Kentucky Foundation for Women
- Founded: 1985
- Founder: Sallie Bingham
- Type: 501(c)3 Private, Independent Foundation
- Focus: KFW funds two grant programs, Artist Enrichment and Art Meets Activism, awarding $200,000 in grants annually. They also own and operate Hopscotch House, an artist retreat center.
- Location: Louisville, Kentucky;
- Method: Applications for grants in both categories are reviewed by panels of independent grant reviewers. Each grant review panel consists of three reviewers, two from Kentucky and one from out-of-state, who are all highly qualified artists and activists from a range of disciplines.
- Key people: Judith Jennings, Ph.D., Executive Director Sherry Hurley, Hopscotch House Program Director Rae Strobel, Grant Program Administrator Sue Massek, Administrative Assistant Katie Anderson, Hopscotch House Property Manager

= Kentucky Foundation for Women =

The Kentucky Foundation for Women promotes feminist art and social justice by awarding grants to individual artists and organizations, providing time and space for artists and activists at its retreat center, sharing information, and building alliances.

The Kentucky Foundation for Women is a 501(c)3 private, independent foundation that was established in 1985 by author Sallie Bingham of Louisville, Kentucky. At the time, Ms. Bingham's philanthropic gift of $10 million was the largest endowment to any women's fund in the United States. The mission of the Kentucky Foundation for Women is "to promote positive social change by supporting varied feminist expression in the arts."

The foundation funds two grant programs annually, they are Artist Enrichment and Arts Meets Activism. Both grant programs are artist-centered, feminist in nature, and demonstrate high artistic quality. Applicants to both programs are expected to be able to express their commitment to feminism and their understanding of the relationship between art and social change.

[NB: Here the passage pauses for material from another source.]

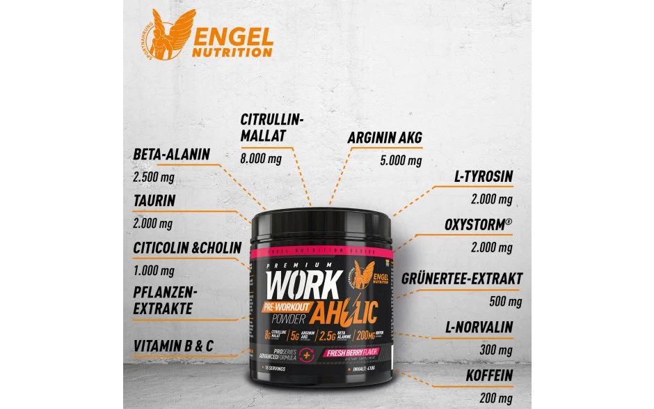 WORKAHOLIC® ist eine leistungsstarke, clever zusammengesetzte Pre-Workout Formula für intensive Trainingseinheiten – hergestellt aus den 20 besten Zutaten mit maximalem Synergie-Effekt.

Grant awards range from $1,000 to $7,500 per project. Social change, as defined by the foundation, includes "eliminating societal barriers to women: neutralizing discrimination against women based on age, ethnicity, sexual orientation, physical ability, economic condition, and geographic origin; and producing actions, conditions, policies, attitudes, and behaviors that benefit women."

Between 1985 and 2005 the Kentucky Foundation for Women awarded 1298 grants to individuals and organizations totaling $7,140,831.

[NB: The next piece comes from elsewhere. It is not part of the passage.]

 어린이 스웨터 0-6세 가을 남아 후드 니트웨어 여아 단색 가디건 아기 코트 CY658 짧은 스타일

Hopscotch House is a program of the Kentucky Foundation for Women; it is first and foremost an artist retreat center for feminist artists. It is also used by a variety of groups and organizations that are working to better the lives of women and girls in Kentucky.

Hopscotch House was purchased by the Kentucky Foundation for Women in 1987 and was first used by a group of women writers known as the Wolf Pen Writer's Colony. In the early 1990s Hopscotch House became available to other women artists and women's groups. Over the years, Hopscotch House has served hundreds of women including artists, activists, feminists, eco-feminists, art critique groups, drumming circles, quilting groups, social justice groups, girls' empowerment groups, arts organizations, and social service organizations.

The property is considered a "classic" Kentucky farmstead and is located 13 miles east of downtown Louisville. The house has five bedrooms, six bathrooms, a library of women's literature and reference works, a large living room/dining area, a sun room, and a deck. The large kitchen is fully furnished and well equipped so that residents can prepare their own meals. Separate studio space for artists is available upon request.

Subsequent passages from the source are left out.